I certainly don’t expect a fair presentation of constitutional originalism and the Second Amendment from National Public Radio. NPR has made its liberalism and love of gun control far too clear.

But I hoped for something more from the Duke Center for Firearms Law, which touted its “rigorous and balanced scholarship” when it launched in 2019.

Unfortunately, following the Supreme Court’s vindication of public self-defense rights in NYSRPA v. Bruen, we find Duke Center Co-Director Joseph Blocher talking nonsense about originalism with a local NPR affiliate.

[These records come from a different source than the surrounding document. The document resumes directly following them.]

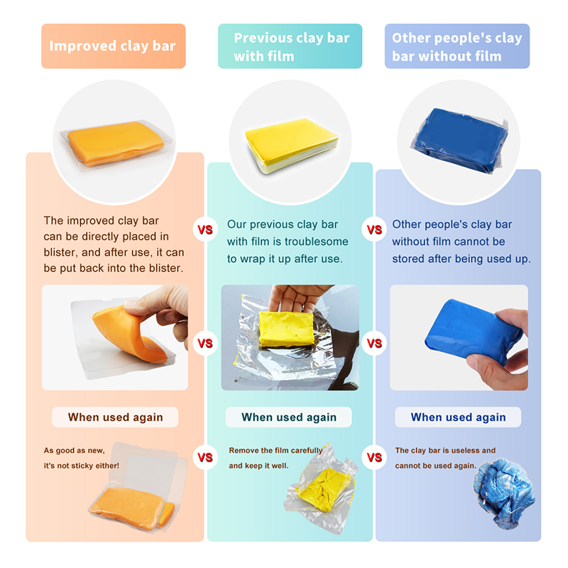 改良粘土棒可直接放入吸塑盒中,使用后可放回泡罩内。当再次使用时,它和新的一样好,也不粘包装盒。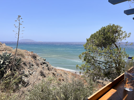 Wow. A sandwich…That I came back for 3 times. This restaurant/bar is no short of spectacular and to speak plainly just has the best vibe. The location is prime with incredible views of the movie set worthy blue beach and dry cliff landscape. There is a plethora of seating all around with great views and I must say the atmosphere here is impeccable. The food and drink is sensational, the salads fresh and light with hints of citrus, coming with an overwhelming sense they’ve been made by someone who loves the food they create. I tried the quinoa salad and it was remarkably summery and hit all the textural sweet spots for me, I highly recommend for a light lunch. But I have to talk about the sandwich. My party tried the 3 sandwiches they have to offer and were blown away by the incredible simple and delicious flavour of each (2 with meat, 1 vegetarian). A special mention to the humous sandwich which was the favourite (we decided with much deliberation and struggle). It comes with obviously a delicious humous, fresh tomato, leaves, flavourful and soft bread and pickles that leave your stomach wanting more. Although it sounds simple this sandwich was by far the best I’ve ever had and if I’m describing it right you can only imagine the others delectable flavours. I’m kicking myself I didn’t have time to try their pizzas. If you want incredible views, a rewarding meal after a swim and polite staff; The mule and The pig should be your next meal in Anafi. 😄 Just a quick warning the full menu becomes available at 2, a later...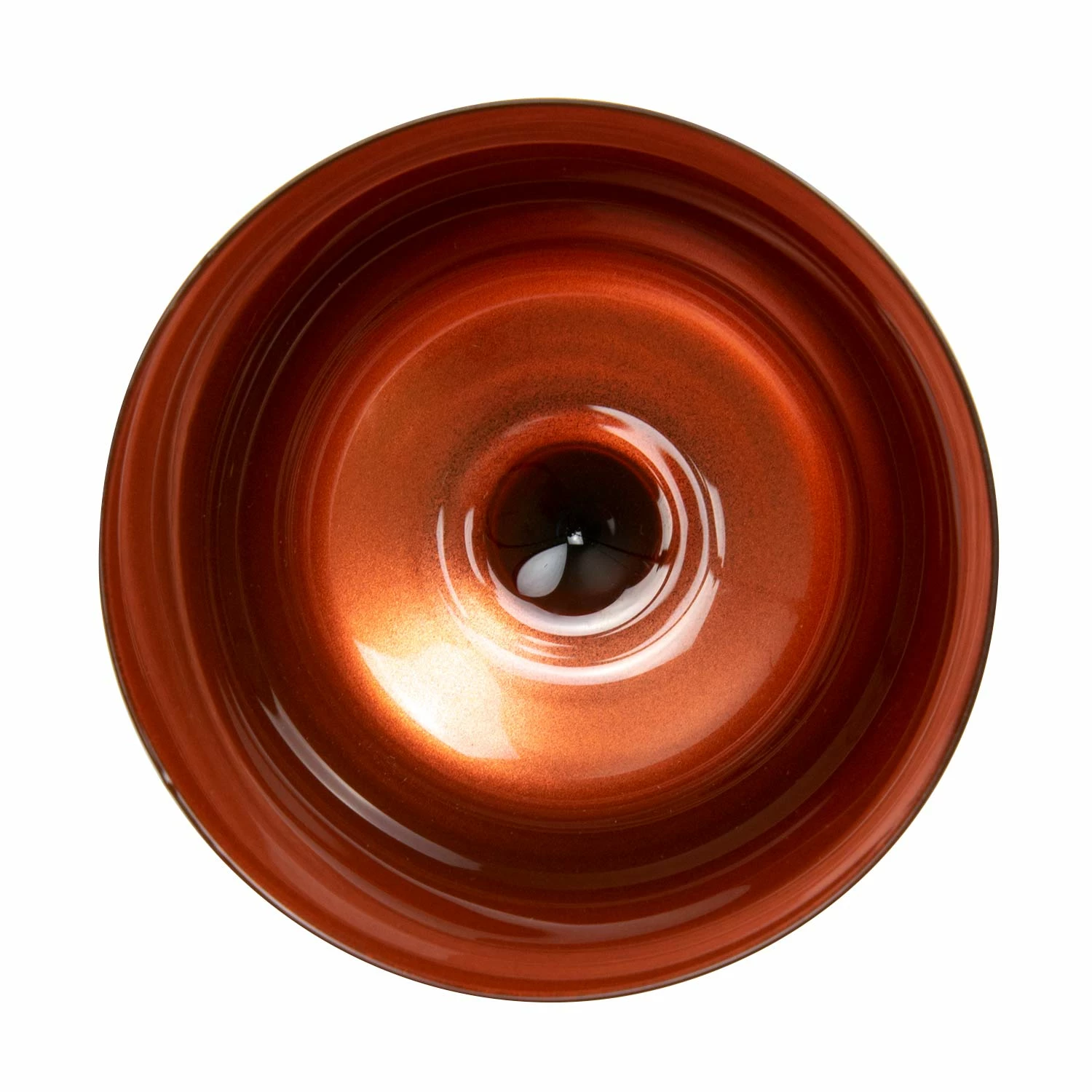 - Vintage stemmed glass with a black coated exterior and a sparkling copper colour interior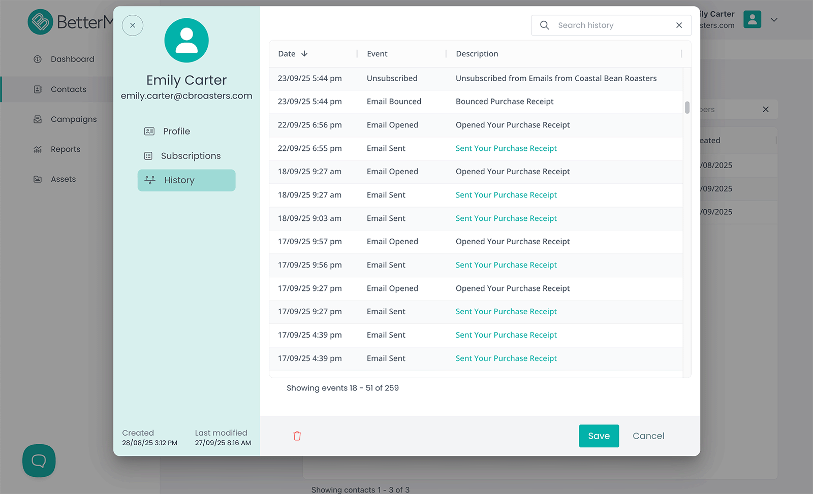 Access a complete history of each contact, including records of every email sent to them.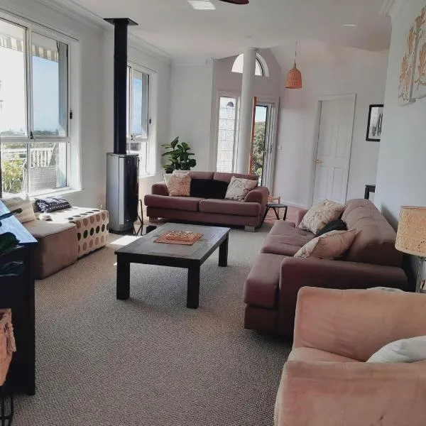 Treeview - A beautiful 3-Bed House in Kiama坐落于新南威尔士的凯阿玛,拥有阳台,享有花园景。这家住宿距离凯马冲浪海滩(Kiama Surf Beach)有8分钟步行路程,配备花园和免费私人停车位。 这家空调度假屋配有3间独立卧室、、2间带免费洗浴用品和吹风机的浴室以及起居室。这家度假屋还提供电视、休息区、洗衣机以及2间带浴缸的浴室。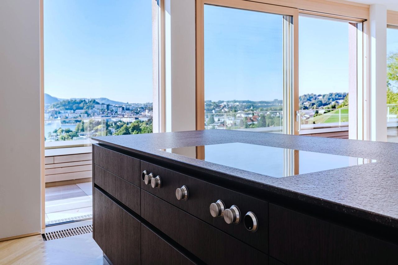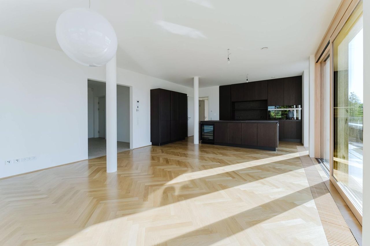 Die Immobilie, mit 4-Zimmern, ist sofort verfügbar und mit einer sehr exklusiven Designer-Küche ausgestattet. Die Strasser Natursteinplatten, Miele Geräte inkl. Weinlagerschrank u.v.m. lassen das Kochen zum Erlebnis werden - mit phänomenaler Aussicht! Die Küche ist im Kaufpreis nicht inkludiert! Kann aber auf Wunsch um EUR 86.000 (Verhandlungsbasis) abgelöst werden.

Nothing Radical About Reading

Blocher criticizes Bruen’s insistence on the original meaning of the Second Amendment, calling it a “radical new approach to constitutional law.” Far from scholarship, this is exactly the sort of careless soundbite I expect from politicians and gun control activists.

Joseph Blocher

As the term itself suggests, originalism is hardly radical or new. In essence, originalism is the insistence that laws have a real and fixed meaning over time, based on how the public would have understood the words of a law when it was originally enacted. Far from being a “radical new approach to constitutional law,” originalism—such as we see in the Bruen decision—is precisely a safeguard against novel and radical misconceptions of the Constitution.

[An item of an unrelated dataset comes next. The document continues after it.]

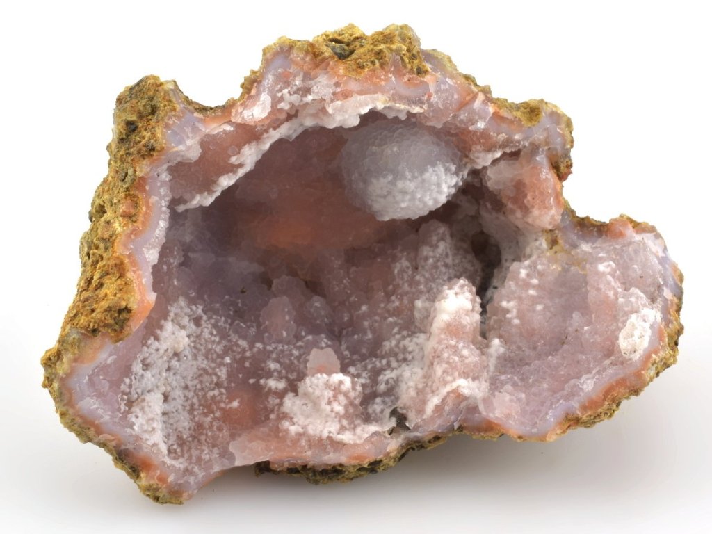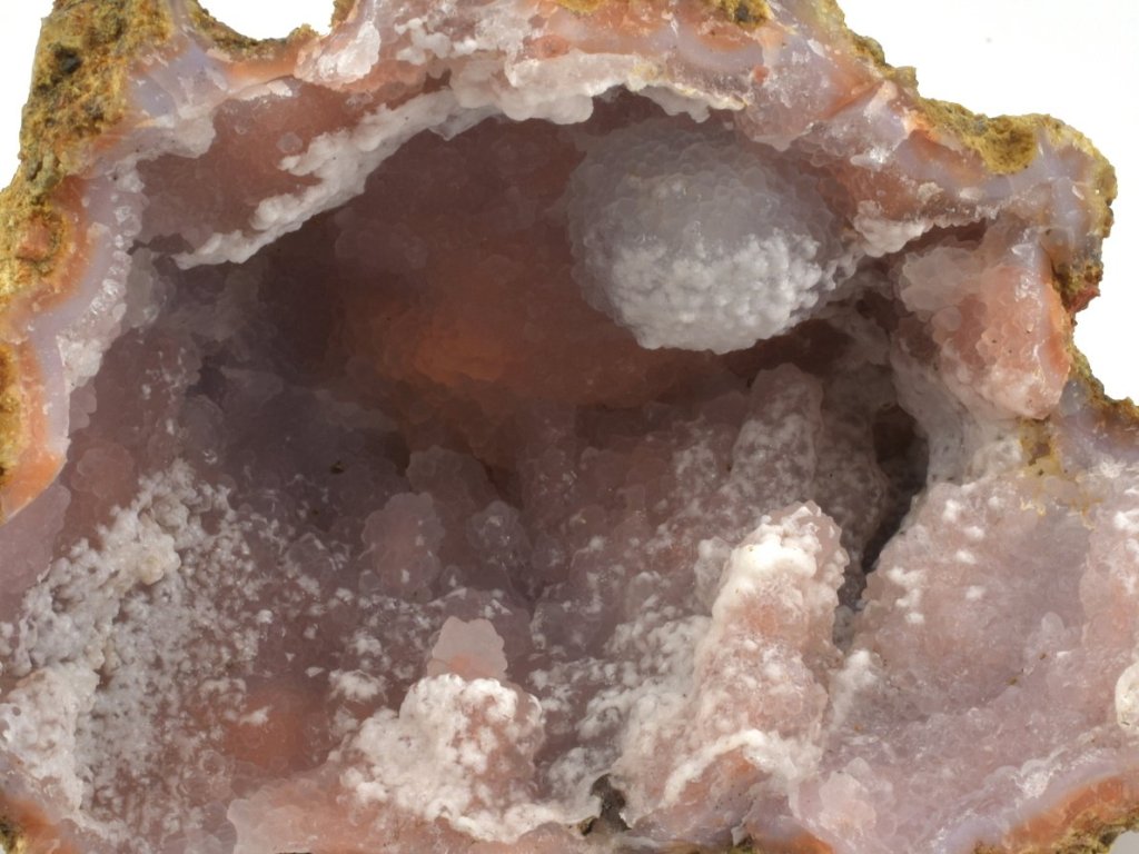 Zbarvení těchto achátových geod je pro tuto oblast velmi charakteristické – typický je růžový vnější okraj a načervenalé až hnědočervené odstíny způsobené přítomností hematitu. Vnější lem dutin bývá často tvořen růžovým opálem a na chalcedonu uvnitř se místy vykrystalizují jemné krystaly křišťálu. Vyskytují se zde také typické chalcedonové růže v růžových, načervenalých, fialových i šedobílých odstínech.

As one of my MSLF colleagues has noted, what we call originalism in the law is what we describe as attentive and accurate reading in other contexts. In reading Shakespeare, for instance, it is essential to know what his words would have meant to an audience of his day. One must be an “originalist” to avoid basic misunderstandings of his work.

The same is true of our founding documents. We have seen that when the original meaning is not applied, the door is open for virtually any new and contrived meaning to take its place.

Tears for Tiers

So why is a professedly serious scholar like Joseph Blocher misrepresenting Bruen’s originalism as a “radical new approach to constitutional law”?

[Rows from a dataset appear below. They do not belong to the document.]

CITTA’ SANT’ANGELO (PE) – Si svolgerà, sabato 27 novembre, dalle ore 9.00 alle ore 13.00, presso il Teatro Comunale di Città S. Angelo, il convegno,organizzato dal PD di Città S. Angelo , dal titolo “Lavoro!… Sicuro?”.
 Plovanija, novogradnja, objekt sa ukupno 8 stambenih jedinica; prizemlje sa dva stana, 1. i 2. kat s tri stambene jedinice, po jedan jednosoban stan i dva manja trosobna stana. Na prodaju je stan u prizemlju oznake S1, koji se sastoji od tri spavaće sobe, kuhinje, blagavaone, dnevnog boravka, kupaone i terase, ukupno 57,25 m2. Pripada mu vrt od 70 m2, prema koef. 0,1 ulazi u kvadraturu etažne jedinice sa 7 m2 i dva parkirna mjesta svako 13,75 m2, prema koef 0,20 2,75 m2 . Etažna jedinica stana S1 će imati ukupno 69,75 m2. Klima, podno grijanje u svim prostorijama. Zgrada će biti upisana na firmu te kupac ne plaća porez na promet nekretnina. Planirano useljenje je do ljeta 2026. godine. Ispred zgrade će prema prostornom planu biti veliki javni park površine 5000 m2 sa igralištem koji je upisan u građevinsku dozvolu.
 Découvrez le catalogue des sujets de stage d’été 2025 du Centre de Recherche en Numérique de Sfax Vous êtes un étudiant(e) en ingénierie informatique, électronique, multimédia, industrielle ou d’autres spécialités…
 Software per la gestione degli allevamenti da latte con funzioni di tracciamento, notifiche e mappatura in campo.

It appears Blocher is upset about Bruen because it abolished a judicial doctrine he favors, the so-called two-step test. The test splits the Second Amendment into “core” and “non-core” portions—a distinction between supposedly more and less important self-defense rights—and applies different standards of judicial review based on this non-Constitutional distinction. These often convoluted concepts had a simple result: they enabled judges to give easy, rubber-stamp approval to nearly all gun control measures outside the home.

Justice Antonin. Scalia delivering the opinion in Heller

The two-step test survived for years because many lower court judges presented it as an interpretation of D.C. v. Heller (2008), the most important gun rights decision in American history. Blocher has sided with them: in a 2018 article for the leftist website Vox, and an earlier piece for the anti-gun outlet The Trace, he presented this two-step doctrine—and the extensive gun control upheld by it—as fitting comfortably with the holding of Heller.

But Heller contains no such test, only some language that others twisted to create it.

In the process of striking down New York’s effective ban on public carry, the June 2022 Bruen decision forbade judges from applying this deferential, fabricated, and unconstitutional two-step test. The Court also stated that Heller never actually allowed for it.

Instead, Bruen makes it clear that the proper standard for Second Amendment cases is originalism—applying the plain text of the Constitution, using history as a guide to its authentic meaning.

A Right is a Right

Consistent originalists maintain that all of our constitutional rights are to be interpreted in this way, rather than by the “tiers of scrutiny” approach, which applies different legal standards to alleged constitutional violations based on the nature and seriousness of the violations. The two-step gun control standard favored by Blocher is an instance of that tiered approach.

Justice Clarence Thomas

Although they are now widely used, the tiers of scrutiny are a modern invention, and they essentially allow the government to infringe on constitutionally protected rights if it can offer a “good enough” reason. But if a right is protected by the Constitution, there should be only one method to evaluate the government’s actions—the Constitutional text, not a tiered system of compromises. As Justice Thomas, who authored the Bruen decision, once said, “A law either infringes a constitutional right, or not; there is no room for the judiciary to invent tolerable degrees of encroachment.”

In essence, what Blocher finds troubling about Bruen is the Court’s refusal to engage in this tiered form of analysis, which has no basis in the constitutional text. Fidelity to the text and its original meaning is what the Duke Center leader deems a “radical new approach.”

If Blocher wants to put himself forth as a scholar rather than a gun control activist, he should offer the media an accurate account of the Bruen decision and originalism. Let the public judge for themselves whose approach is really novel, radical, and unconstitutional.